Not a full solution, but key steps.
The energy ($E=\lambda^2$) you search is defined at the stopping point ($x=\alpha$): $E=\alpha^4+\alpha^2$
You are using the semiclassical approximation and $\lambda^2>>1$ in your notations.
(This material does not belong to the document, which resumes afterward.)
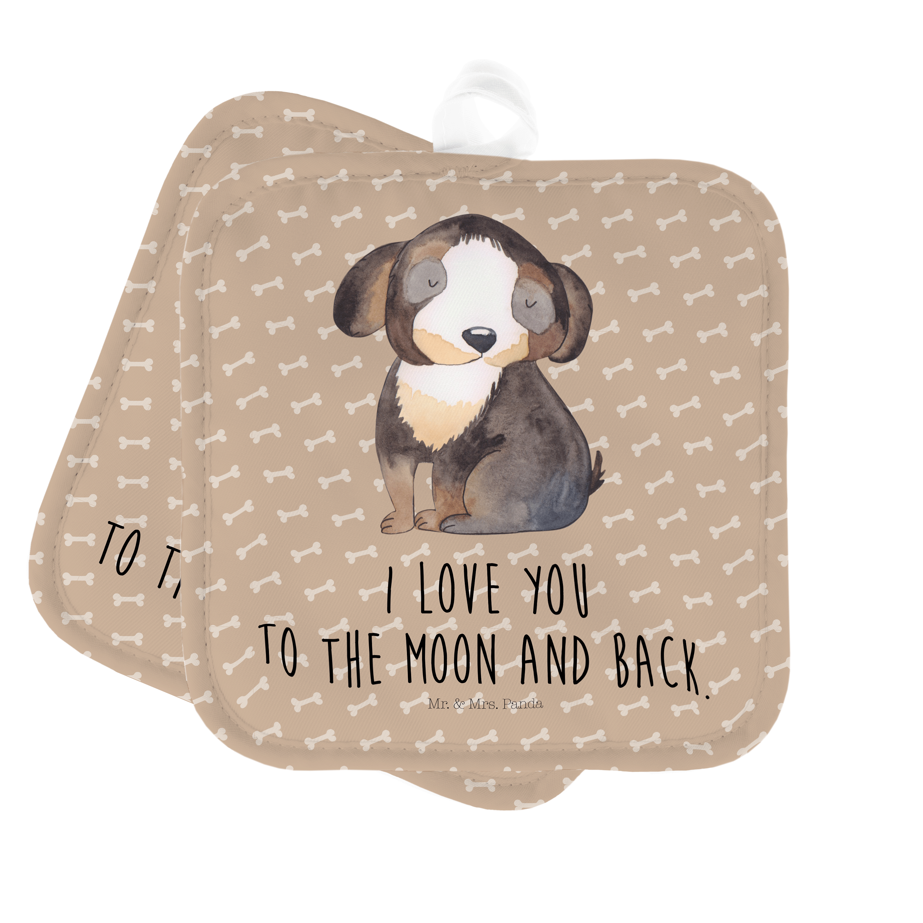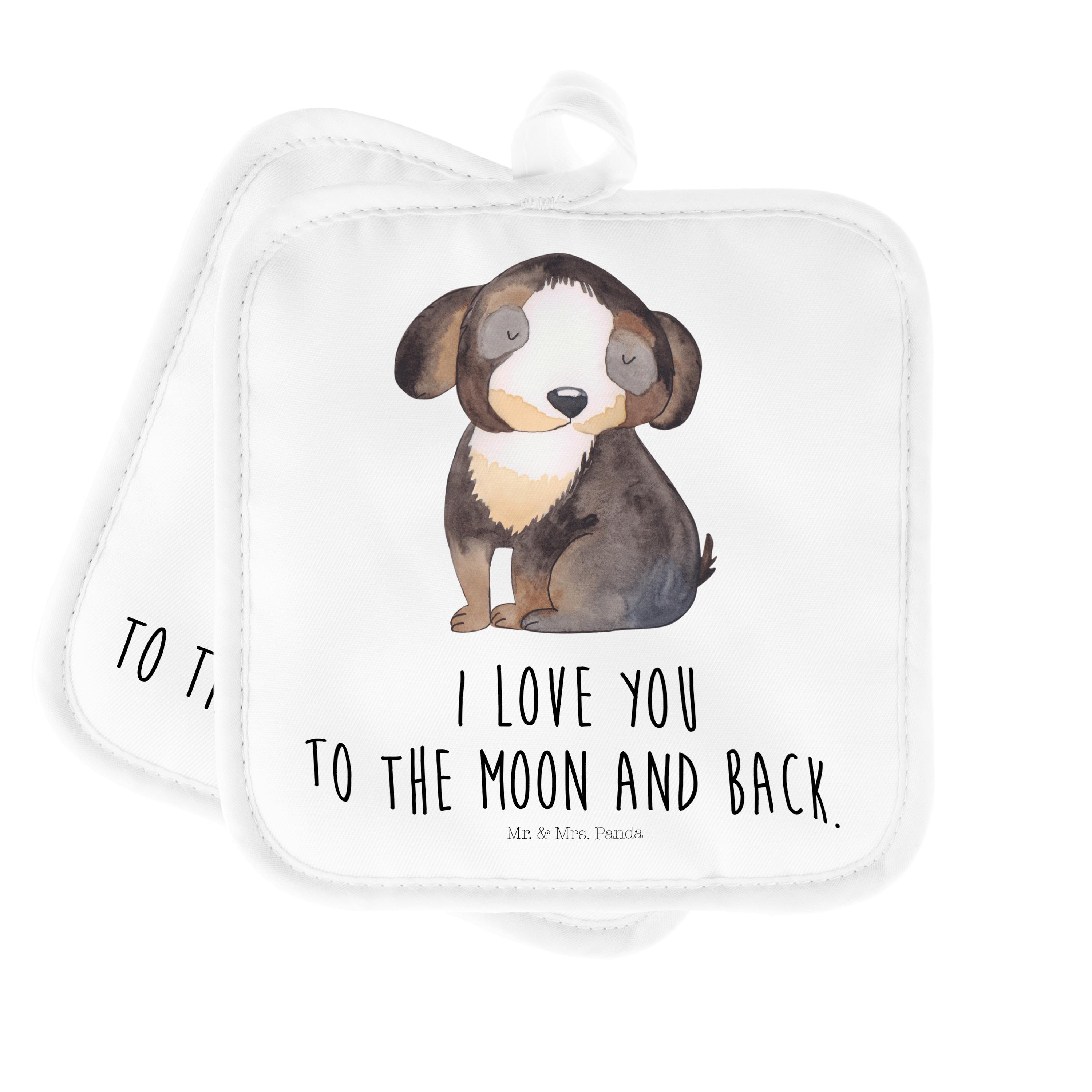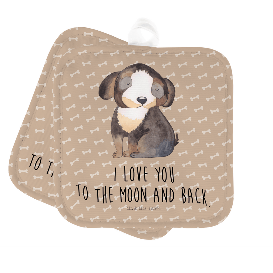 2er Set Topflappen Hund entspannt - mit Spruch - Hundeglück

Thus, we can drop $x^2$ and work only with $x^4$ to get the main asymptotic term: $E\approx\alpha^4$
Now, let's consider Bohr–Sommerfeld quantization conditions: $$I(\alpha)=\int_{-\alpha}^{\alpha}\sqrt{\lambda^2-x^2-x^4}dx\approx\int_{-\alpha}^{\alpha}\sqrt{\alpha^4-x^4}dx$$$$=\alpha^3\int_{-1}^{1}\sqrt{1-t^4}dt=\frac{\alpha^3}{2}\int_0^1\sqrt{1-u}u^{-\frac{3}{4}}du$$ $$I(\alpha)\approx\frac{\alpha^3}{2}B\,(\frac{3}{2};\frac{1}{4})=\frac{\alpha^3}{2}\frac{\Gamma(\frac{3}{2})\Gamma(\frac{1}{4})}{\Gamma(\frac{7}{4})}=\frac{\alpha^3}{3}\frac{\sqrt{\pi}\,\Gamma(\frac{1}{4})}{\Gamma(\frac{3}{4})}=\frac{\alpha^3}{3}\frac{\sin\frac{\pi}{4}\,\Gamma\,^2(\frac{1}{4})}{\sqrt{\pi}}$$
At the given level of approximation $E\approx\alpha^4\approx\lambda^2$, and $\alpha$ is defined by$$I(\alpha)\approx\frac{\alpha^3}{3}\frac{\sin\frac{\pi}{4}\,\Gamma\,^2(\frac{1}{4})}{\sqrt{\pi}}\approx(n+1/2)\pi$$
Please check the calculations.
For the reference I would recommend "Mathematical Methods for Physics and Engineering" of K.F. RILEY, M.P. HOBSON and S. J. BENCE. You may look through the section 25.7 (WKB method), pp 900-902, where the similar example is reviewed in details.